For me, moving wasn't really that hard. took 3 or 4 days to learn the ins and outs of MacOS (i hit online tutorials pretty hard every night for those 3 or 4 days). Anything I did productivity wise I had integrated through Google's ecosystem, so it was easy enough to integrate what I had there into Apple stuff. my apple mail is setup to read from my Gmail, i copied over the spreadsheets i used from google sheets into apple numbers. Calendar stuff synced up without issue. I don't really have a ton in hard-drive storage of other things though, so I can't speak to how migrating that stuff over to a mac hard-drive/into iCloud would be.

I guess I don't really have any tips, but just thought I'd offer my experience to you and sum it up by saying: its pretty easy to do and MacOS isn't hard to learn at all in my opinion.
 

alien3dx

macrumors 68020
Feb 12, 2017
2,188
525
When I was younger I was a big Apple fan but I haven't owned a Mac since I had a 2006 Mac Pro. Since then I've had a couple of PCs running Windows and a Windows laptop. I'm getting fed up with certain things not working the way I want them too and am considering moving back to Apple.

I've been looking at the 16" MBP as I would like a powerful computer that is also mobile. I'd need to plug 3 DisplayPort monitors into it when I am using it on the desktop as well as a keyboard and mouse when using it on the desktop.

Then I would like to get an iPhone so I can do iOS programming on the MBP. I'm not sure which one to get at the moment. Probably the iPhone 11 Pro.

Does anyone have any tips for moving from Windows to macOS these days?
1.Keychain the best. I don't like to remember the password.
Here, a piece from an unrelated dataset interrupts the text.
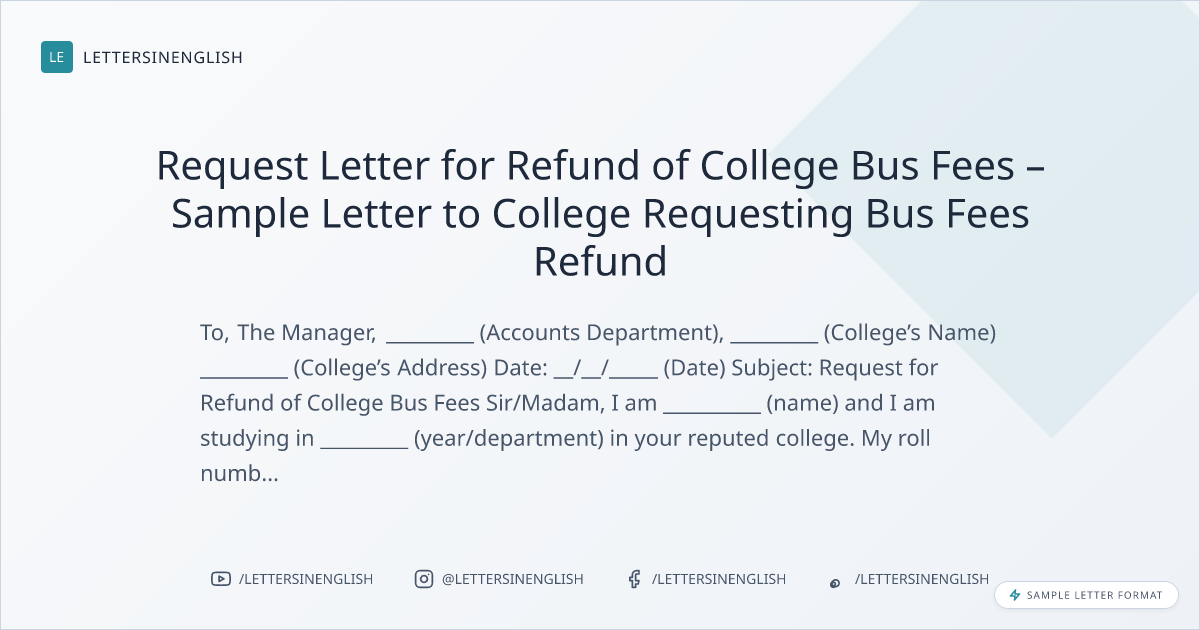 Request Letter for Refund of College Bus Fees – Sample Letter to College Requesting Bus Fees Refund

You can also use other third party provider ..
2.Notes sync
3. Air drop aka transfer file.

As developer, better you get max up ram because osx dam memory hungry. 16 GB is nice is my old macbook pro 2011 but still consider not enough if you open all those java thing, vscode cum nodejs memory hungry.

What annoyance for me.

1. I want cut and paste
2. Finder not have address bar so terminal all da way.